Mr. Trump’s supporters say it will take time for his trade policies to translate into factory jobs. But critics note that investment in factory construction, which should respond more quickly to policy changes, has also fallen.
Stock Market
NRA event in Dallas, May 18, 2024
“We are a nation whose stock market’s continued success is contingent on MAGA winning the next election.”
So far, so good
Mr. Trump’s first year was a wild one for the stock market. At one point last spring, the S&P 500 closed down nearly 18 percent from its peak, narrowly avoiding the 20 percent drop that is the conventional definition of a bear market. But despite several other jittery moments, stocks ended 2025 up 16 percent, making it a strong year.
Some of the ups and downs were the direct results of Mr. Trump’s policies. Stocks fell more than 10 percent in two days in early April after Mr. Trump announced tariffs on nearly all U.S. trading partners. They rallied by nearly as much when Mr. Trump rolled back many of those tariffs a few days later.
But the driving force behind the market gains was investor optimism about artificial intelligence. Companies tied to the A.I. boom saw their stock prices soar, even as some other sectors lagged. That increasing concentration has fueled concerns that the bull market could be vulnerable if A.I. proves to be a bubble.
Tariff revenue
Campaign rally in Juneau, Wisc., Oct. 6, 2024
“We will use the hundreds and billions — it’s really trillions, OK, but we’re going to use the hundreds of billions — of tariff dollars to benefit American citizens and to pay off debt because we have to start paying off debt.”
Some progress
The U.S. Treasury collected a record $264 billion in tariff revenue in 2025, more than three times the total in 2024. In November, the Congressional Budget Office estimated that the tariffs would bring in about $2.5 trillion in revenue through 2035, about half as much as the corporate income tax. That assumes the tariffs remain in place, however — the Supreme Court is considering a legal challenge that could invalidate some of the duties.

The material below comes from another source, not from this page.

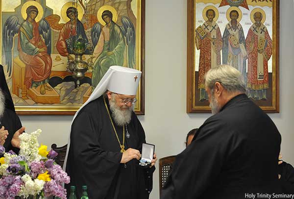 At the conclusion of Mr. Chapnin’s address, Bachelor of Theology degrees were awarded to the candidates. Before awards for excellent academic performance among all students were given, Vladika Hilarion awarded Protodeacon Victor Lochmatow the Synodal Znamenskij Order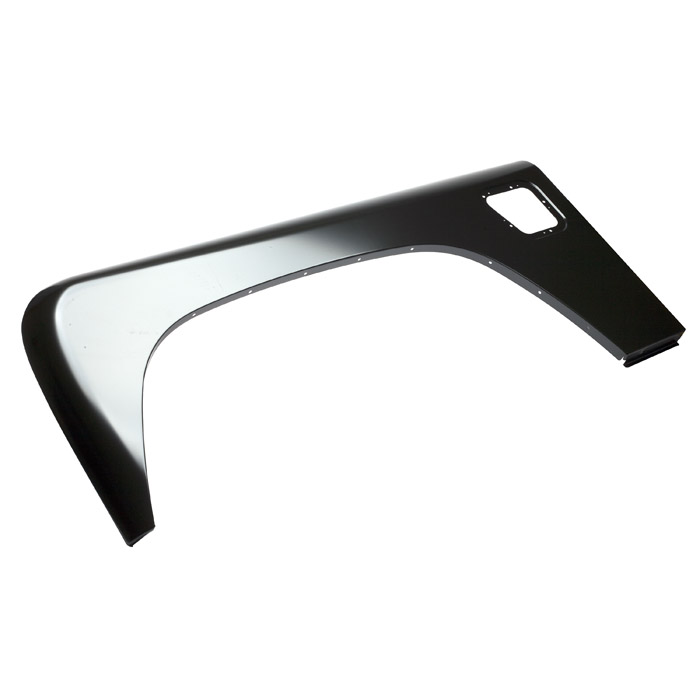 Wing panel, left side, outer, front fender. Pre-cut for intake. Finished in electrostatic E-Coat black primer. Ready for paint.

Even if tariffs remain in place, the debt will continue to grow because tariffs won’t fully offset the lost revenue from the tax cuts that Mr. Trump signed into law last year. That bill will add $3.4 trillion to the deficit over 10 years, according to the Congressional Budget Office.
Trade deficit
As a candidate, Mr. Trump promised his tariffs would discourage imports and encourage companies to shift production back to the United States, shrinking the trade deficit. In his first months back in office, the opposite occurred: The trade deficit exploded as companies rushed to import goods to get ahead of tariffs.
Imports dropped off sharply once Mr. Trump’s trade policies took effect, narrowing the deficit significantly late in the year. But imports could pick up again once companies sell through their inventories, and there has been little evidence of companies moving production back to the United States in a major way.
China is a somewhat different story. The U.S.-China trade deficit peaked during Mr. Trump’s first term and has declined since then, as both the Trump and Biden administrations imposed tariffs and other restrictions on trade with China. But some Chinese companies are routing trade through other countries to avoid U.S. duties, making it hard to estimate exactly how much imports from China have fallen.